> **STORED DATA**
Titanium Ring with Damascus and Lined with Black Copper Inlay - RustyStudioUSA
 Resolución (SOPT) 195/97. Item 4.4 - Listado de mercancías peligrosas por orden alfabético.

==

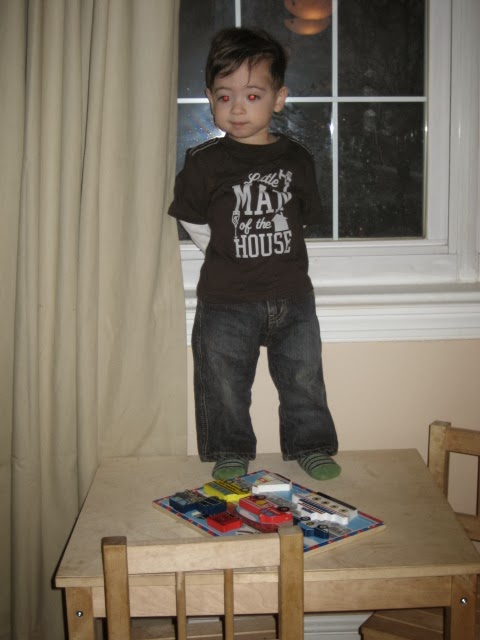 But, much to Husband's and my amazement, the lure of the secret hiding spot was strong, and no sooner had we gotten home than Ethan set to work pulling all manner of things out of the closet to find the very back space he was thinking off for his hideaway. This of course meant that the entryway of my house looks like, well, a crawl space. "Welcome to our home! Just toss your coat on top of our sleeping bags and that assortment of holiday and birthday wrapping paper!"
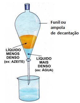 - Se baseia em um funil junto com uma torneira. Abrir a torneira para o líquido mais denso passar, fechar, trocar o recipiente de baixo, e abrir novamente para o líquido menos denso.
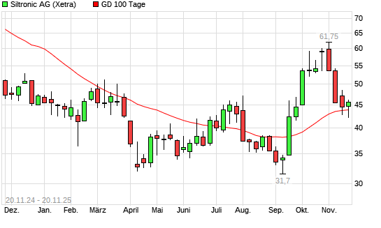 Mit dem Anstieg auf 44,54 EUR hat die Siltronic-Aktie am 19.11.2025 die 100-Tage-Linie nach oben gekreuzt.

> **PROBLEM STATEMENT**
Please return only the lines above, starting at the line that has "Titanium Ring with" and ending at the line that has "Resolución (SOPT) 195/97.", keeping both and leaving each one unchanged.

> **RESPONSE TO THIS TASK**
Titanium Ring with Damascus and Lined with Black Copper Inlay - RustyStudioUSA
 Resolución (SOPT) 195/97. Item 4.4 - Listado de mercancías peligrosas por orden alfabético.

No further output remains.